I had the most amazing week away in Charleville this week. A big shout out to South West Queensland Health & Hospital Service and Murweh Shire Council for being a Stand for Children's Health. The Health & Hospital Service obtained funding from the Shire Council to cover the cost of my accommodation and travel to visit the area.
This year I am partnering with the 2 local primary schools and the kindergarten (ELC) for 12 months to help them put health of the school community at the heart of what they do. Last week was the start of what's going to be an incredible year for the schools in the region.
We kicked off with by hosting a combined school Teacher Professional Learning Session. Then we hosted a combined school parent engagement session, followed by incursions for all students at each of the 3 schools.
At this point, it would be remiss of me to not acknowledge how this all started. It started with one incredible lady named Vanessa. She is the Curriculum Co-ordinator at St Mary's School, and she's been following my work since we travelled Australia back in 2015.

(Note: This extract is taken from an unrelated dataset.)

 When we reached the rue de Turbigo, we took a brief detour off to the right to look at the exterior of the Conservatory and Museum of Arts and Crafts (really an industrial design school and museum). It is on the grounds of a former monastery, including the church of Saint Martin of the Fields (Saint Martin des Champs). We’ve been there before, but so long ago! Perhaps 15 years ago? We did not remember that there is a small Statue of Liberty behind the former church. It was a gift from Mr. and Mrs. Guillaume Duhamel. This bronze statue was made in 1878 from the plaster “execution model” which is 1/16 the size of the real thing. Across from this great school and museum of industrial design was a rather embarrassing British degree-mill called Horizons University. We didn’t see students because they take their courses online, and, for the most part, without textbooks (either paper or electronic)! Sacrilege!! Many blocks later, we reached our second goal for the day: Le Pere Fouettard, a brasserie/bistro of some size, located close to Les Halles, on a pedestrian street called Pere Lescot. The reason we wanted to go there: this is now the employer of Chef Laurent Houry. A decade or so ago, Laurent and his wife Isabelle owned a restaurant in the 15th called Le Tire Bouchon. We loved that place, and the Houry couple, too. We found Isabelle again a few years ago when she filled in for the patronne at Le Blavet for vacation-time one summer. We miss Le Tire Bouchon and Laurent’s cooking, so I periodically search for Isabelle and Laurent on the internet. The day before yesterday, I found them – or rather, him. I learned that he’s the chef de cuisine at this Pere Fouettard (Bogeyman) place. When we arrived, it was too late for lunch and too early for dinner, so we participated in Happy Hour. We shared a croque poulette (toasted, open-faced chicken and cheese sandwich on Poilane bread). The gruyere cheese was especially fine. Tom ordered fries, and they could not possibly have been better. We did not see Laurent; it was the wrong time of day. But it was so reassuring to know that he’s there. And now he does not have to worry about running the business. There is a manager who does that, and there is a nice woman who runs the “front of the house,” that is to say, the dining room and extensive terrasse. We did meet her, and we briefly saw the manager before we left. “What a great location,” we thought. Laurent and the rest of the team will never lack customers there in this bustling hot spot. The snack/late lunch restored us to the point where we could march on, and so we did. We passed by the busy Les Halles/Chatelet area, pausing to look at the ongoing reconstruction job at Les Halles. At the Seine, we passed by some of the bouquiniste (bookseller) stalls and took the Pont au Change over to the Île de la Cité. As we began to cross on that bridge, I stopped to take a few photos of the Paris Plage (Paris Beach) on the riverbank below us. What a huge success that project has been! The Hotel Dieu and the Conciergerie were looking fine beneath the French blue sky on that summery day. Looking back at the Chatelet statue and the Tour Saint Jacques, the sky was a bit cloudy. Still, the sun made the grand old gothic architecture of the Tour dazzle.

Vanessa went about enrolling a whole host of amazing people to make this week long visit to the region happen. I'm going to shout out to all of them because something that's never happened before happened this week. I'll share more about this in a moment. These women are:
Katrina - Principal at St Mary's School
Emma - Head of Dept at Charleville State School
Karren - Principal at Charleville State School
Jessica - Director of Charleville community Kindergarten
Jenny - Health & Hospital Service
Richard - Murweh Shire Councils
The first 4 women are all different education departments. They came together for the greater good of children's health for the whole region. They agreed that they would work together to develop a common set of core food values that each of the schools world work within. These core food values are like the north star when it comes to food and health in the school. Jenny and Richard got behind their combined desire to see a change for the children in the region.
What this means is that all schools in the region will be using a common language around food and working towards making simple swaps in what they do so that children are not getting mixed messages about food.

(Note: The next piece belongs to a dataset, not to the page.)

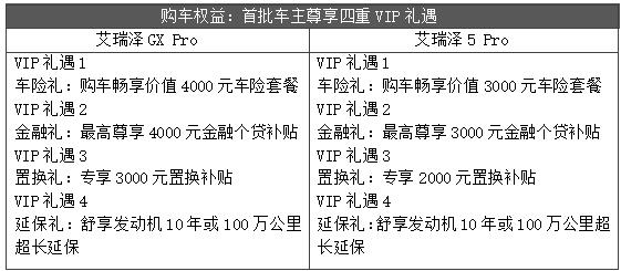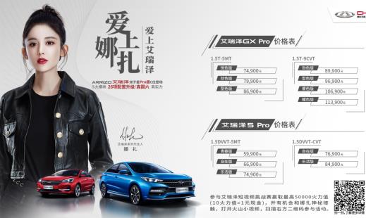 2019年6月25日,奇瑞汽车旗下的艾瑞泽双子星Pro版正式上市发售,青年演员娜扎出任艾瑞泽系列代言人。满足国六排放,两款车型进行了5大模块、26项升级,售价区间为5.99-11.39万元。同时,奇瑞汽车还针对艾瑞泽双子星Pro版提供多重购车权益,为用户带来更丰富、更高价值的回馈。 购车权益:首批车主尊享四重VIP礼遇 艾瑞泽GX Pro艾瑞泽5 Pro VIP礼遇1 车险礼:购车畅享价值4000元车险套餐 VIP礼遇2 金融礼:最高尊享4000元金融个贷补贴 VIP礼遇3 置换礼:专享3000元置换补贴 VIP礼遇4 延保礼:舒享发动机10年或100万公里超长延保VIP礼遇1 车险礼:购车畅享价值3000元车险套餐 VIP礼遇2 金融礼:最高尊享3000元金融个贷补贴 VIP礼遇3 置换礼:专享2000元置换补贴 VIP礼遇4 延保礼:舒享发动机10年或100万公里超长延保 极尽出色 14项配置升级 艾瑞泽GX Pro焕新登场 “9速高性能智慧座驾”艾瑞泽GX Pro在外观、内饰、智能化配置、舒适性配置等方面进行了14项的进化升级。内外兼修,型速兼备,焕新而来的艾瑞泽GX Pro为用户打造了更为理想化的优越驾乘体验。 澎湃启程 率先满足国六排放 当前,节能环保已经成为汽车行业发展和汽车消费的趋势。积极响应国家政策,奇瑞汽车加快推进驱动系统的高效升级,推出满足国六排放的艾瑞泽GX Pro。 搭载1.5T+9CVT黄金动力搭档,艾瑞泽GX Pro的最大功率为115kW,最大扭矩230N?m。实现燃油经济性与动力性能与的完美平衡,艾瑞泽GX整体的动力输出高效、充沛,加速响应及换挡十分的快速、灵敏,0-60km/h加速时间仅需4秒,百公里加速则为9秒。再次澎湃启程,艾瑞泽GX Pro继续以令人心跳加速的冲刺表达自我,为用户带来酣畅淋漓的随心驾控。 越级升级 让驾乘更舒心、更安心 除了排放更为环保外,艾瑞泽GX Pro对整车的舒适、智能、安全等方面的配置水平进行了越级式的升级。 艾瑞泽GX Pro全系标配TPMS胎压监测系统,可以实时监测胎压,并显示胎压情况,保障消费者的行驶安全。此外,艾瑞泽GX Pro的中高配车型还增加了驾驶席座椅电动6向调节、前排座椅电加热、AQS空气质量管理系统、自动空调等精良配置,并对“雄狮智云”智能网联系统进行了再升级,让用户尽享舒适、便利驾乘。新增的高清集成式行车记录仪,不仅能够清晰记录汽车行驶全过程,还能一键拍照,轻松写意沿途风景让,使得用户的旅程更随心、更安心。 玩转型色 唤醒感官新体验 采用运动美学设计理念,艾瑞泽GX Pro在外观以及内饰的设计方面继续保持着鲜明的年轻感与型格魅力,新增的能量锋厉LED前大灯使得整体的运动气质更为浓烈,动静之间,锋芒毕露。在车身颜色方面,艾瑞泽GX Pro新增了高级有格调的钛金灰,整车的清漆工艺也进行了升级。 真国六·真实力 艾瑞泽5 Pro 12项配置升级 品质首选 三年揽获40万用户,作为艾瑞泽系的经典车型,奇瑞汽车同样对全新艾瑞泽5进行了产品力的全面提升,经过5大模块、12项升级,推出了满足国六排放的艾瑞泽5 Pro。造型设计、安全配置、智能科技等方面均更进一步,“新生代品质首选”艾瑞泽5 Pro继续向高品质家轿进化。 安全先行 主动被动安全全面升级 为安全层层设线,前行才能不受限。安全性能方面,艾瑞泽5 Pro增加了集成式行车记录、EPB电子驻车制动系统以及AUTOHOLD自动驻车系统等行车辅助配置,并实现了TPMS直接式胎压监测系统的全系标配,满足用户的各类安全辅助需求。此外,在超高强度一体化笼式车身的基础上,艾瑞泽5 Pro增加了前排侧气囊及贯穿式侧气帘,更大程度地降低人员在交通事故中的受伤情况。将被动安全及主动安全完美结合,艾瑞泽Pro 为用户提供了全方位的壁垒式安全防护。 雄狮智云升级 解锁潮酷用车新姿势 在智能科技配置方面,除了原有的AI智云管家、AI增强型自然语音交互,艾瑞泽5 Pro还新增了潮酷感应式智能手环钥匙。该手环可以实现无钥匙进入、启动车辆、遥控降窗以及开启尾门等功能,兼具实用性和高颜值。此外,智能钥匙手环还具备了一系列运动手环的实用功能,可用于卡路里监测、步数统计、心率监测以及闹钟提醒等,贴心、高能,轻松焕新智能生活新体验。 不止于此,艾瑞泽5 Pro在外观、内饰、舒适性等方面均进行了升级,全系标配17吋超大暴雪亮面轮辋、真皮多功能高质感方向盘以及全包覆式人体工程学皮座椅,并且新增了主驾驶席座椅6向电动调节,为用户提供更为便利、个性化的舒适乘坐。 继承经典 安心、舒心的品质之选 由融合了捷豹路虎技术的专业轿车平台M1X打造,艾瑞泽5 Pro继承了老款优越的品质基因并承诺发动机十年百万公里超长延保,让消费放心买车、更安心用车。 此外,艾瑞泽5 Pro保留了全新艾瑞泽5颇受好评的空间设计,长宽高分别为4572mm/1825mm/1482mm,轴距达到2670mm,优越的车身宽度及轴距为用户带来十分宽敞舒适的超大空间,配合配合有质感、有格调的科技内饰设计,让用户享受到极致的高品质驾乘体验。 多元化营销 引爆艾瑞泽系年轻能量 在两款实力车型上市之际,奇瑞汽车正式官宣娜扎出任艾瑞泽系列代言人。作为一位90后青年演员,娜扎始终挑战多面的荧幕形象,其以出色实力探索无限可能的年轻态度,恰好与艾瑞泽系“年轻”“出色”的精神内核完美契合。 选择娜扎作为艾瑞泽代言人,不仅是奇瑞艾瑞泽生活态度的彰显,更展示出奇瑞汽车持续践行品牌年轻化战略的决心。在产品年轻化之外,致力

Call me crazy but I find this so damn exciting. This is how change happens. This is how we break generational behaviour around nutrition and health.
Will it be easy? Nope. Will it happen fast? Nope. But change never is either of these things. That's why I am honoured to be partnering with each of these women and their schools for 12 months.
Our Children's Health Program is way more than a school incursion. It's not even about lunchboxes or canteen food. It's about how putting nutrition at the heart of what a school does, leads to making a lasting difference to health, learning, behaviour, resilience and waste at the school. This work starts in a school, then ripples out into homes. If you'd love us to support your school, be a Stand for Children's Health and enquire about The Children's Health Program now.
Whilst I'm talking about Charleville, it's an incredible region to visit. Here's one of the things I love the most about the area besides the people - the red earth. How stunning is the contrast of the red earth to the green bushes to the blue cloudy sky?
Now onto this weeks gift to you - 3 simple better choices and 2 great recipes - inspired by my visit to Charleville.
3 Simple Better Swaps
In Charleville, there is just one supermarket. On my first 2 days to the region, I spent a good few hours each day in the supermarket working out simple affordable swaps I could share with parents to help them make better choices for their family.
In most aisles it wasn't too difficult but the aisle below had me stumped. There really wasn't one 'bar' type food that I could say made a simple affordable swap. They were all either loaded with sugar and / or loaded with way too many ingredients. The one that was sugar free and I guess better ingredient wise, just wasn't what I would consider to be an affordable swap in comparison.
These sorts of bars are one of the most common foods in lunchboxes. As I sat in this aisle, I started to think about what I could possibly suggest to parents without telling them they had to home cook.
Here's what I came up with - more of 3 rules of thumb of for making Simple Better Swaps - for all aisles - regardless of where you live.
Choose plain over flavoured - this avoids flavour enhancers and colours, that can have an impact on asthma, eczema, behaviour, learning and sleep.
Choose savoury over sweet - this will help to avoid the glucose spike and corresponding crash in energy that tends to follow.
Swap to every second (or third) day - this reduces the frequency of consumption and therefore the potential impacts on health (particularly important for aisles like the one below where finding a better choices is difficult).